> EXERCISE: Your answer must be the full listing below, restated word for word, with no pictures in it.

> STORED DATA:
****

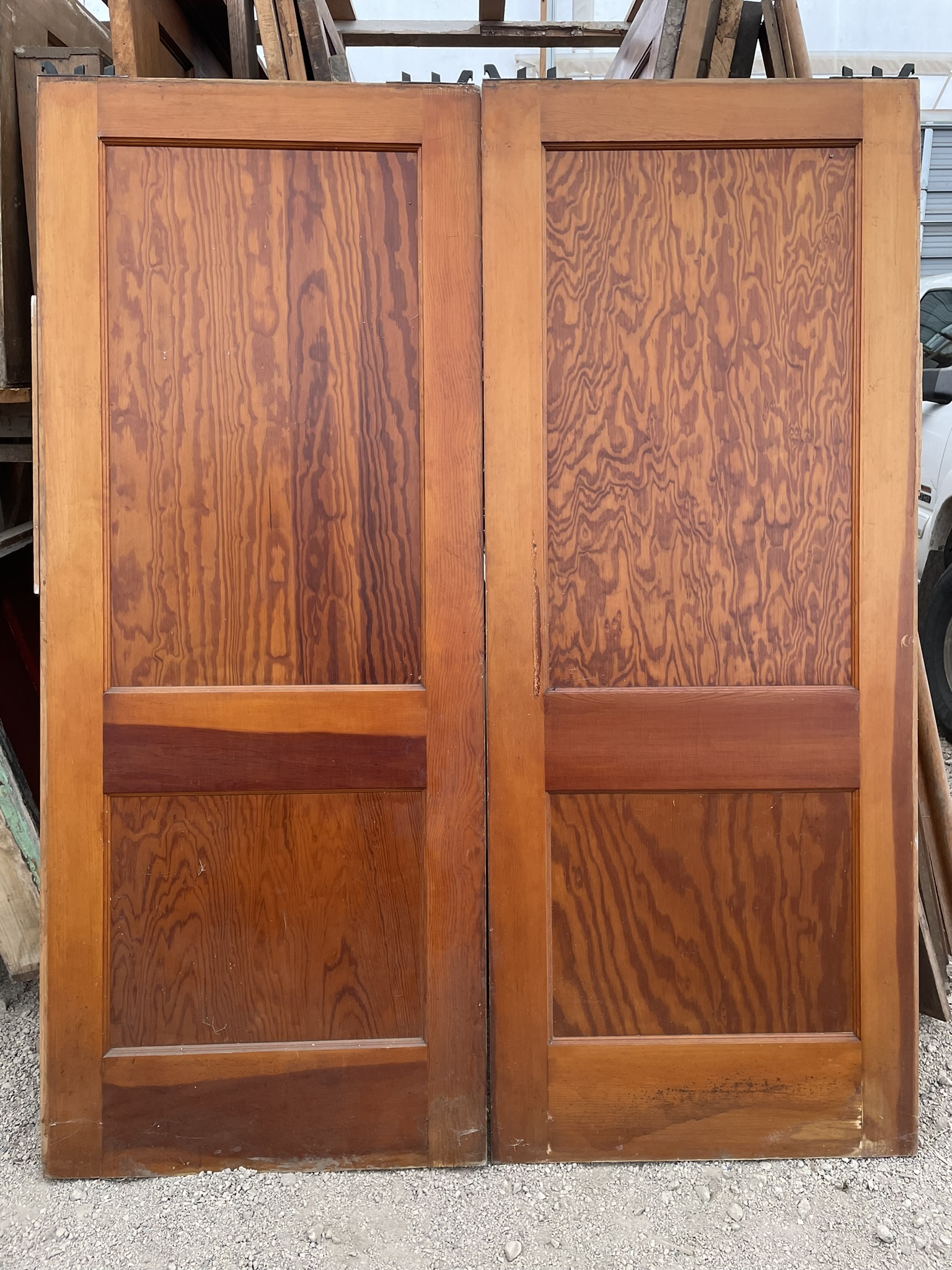 A pine pocket door pair with a great finish. They really evoke a sense of early 1900s homeliness, and would look wonderful in any period home. Each door is 32″ w x 79 1/2″ h x 1 3/8″ d. Pocket door rails and rollers not included.
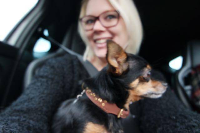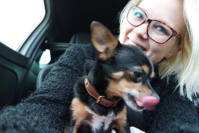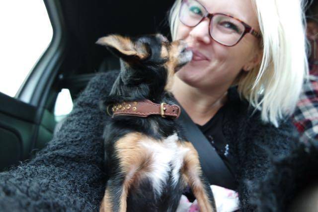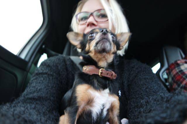We zijn weer onderweg! Zoë heb ik, in plaats van in haar hokje op de achterbank, dit laatste stuk op schoot genomen. Ik heb een heerlijk fleecedeken op mijn schoot liggen zodat ik het zelf warm heb maar Zoë hier ook lekker in weg kan kruipen! Dan is het tijd voor een aantal foto’s. Ze heeft totaal geen zin om in de camera te kijken vandaag dus ze zijn allemaal een beetje apart geworden haha!
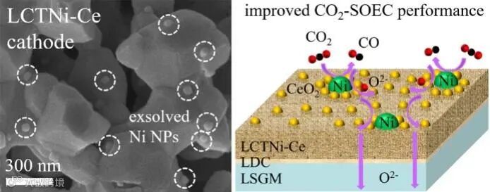 图1. LCTNi-Ce阴极表面形貌和电解池阴极侧发生CO2电解反应的示意图。
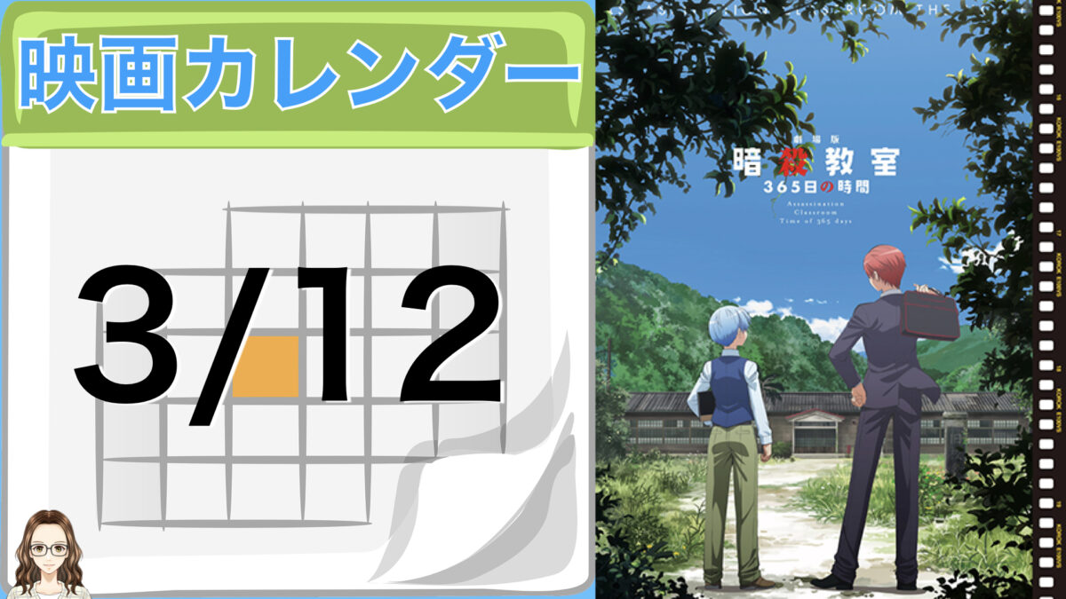 3月12日にまつわる作品は、殺せんせーと3年E組の生徒たちとの1年間を描いたTVアニメシリーズ「暗殺教室」にオリジナルエピソードを加えた総集編『劇場版 暗殺教室 365日の時間』です。

****

> WRITTEN ANSWER:
 A pine pocket door pair with a great finish. They really evoke a sense of early 1900s homeliness, and would look wonderful in any period home. Each door is 32″ w x 79 1/2″ h x 1 3/8″ d. Pocket door rails and rollers not included.
We zijn weer onderweg! Zoë heb ik, in plaats van in haar hokje op de achterbank, dit laatste stuk op schoot genomen. Ik heb een heerlijk fleecedeken op mijn schoot liggen zodat ik het zelf warm heb maar Zoë hier ook lekker in weg kan kruipen! Dan is het tijd voor een aantal foto’s. Ze heeft totaal geen zin om in de camera te kijken vandaag dus ze zijn allemaal een beetje apart geworden haha!
 图1. LCTNi-Ce阴极表面形貌和电解池阴极侧发生CO2电解反应的示意图。
 3月12日にまつわる作品は、殺せんせーと3年E組の生徒たちとの1年間を描いたTVアニメシリーズ「暗殺教室」にオリジナルエピソードを加えた総集編『劇場版 暗殺教室 365日の時間』です。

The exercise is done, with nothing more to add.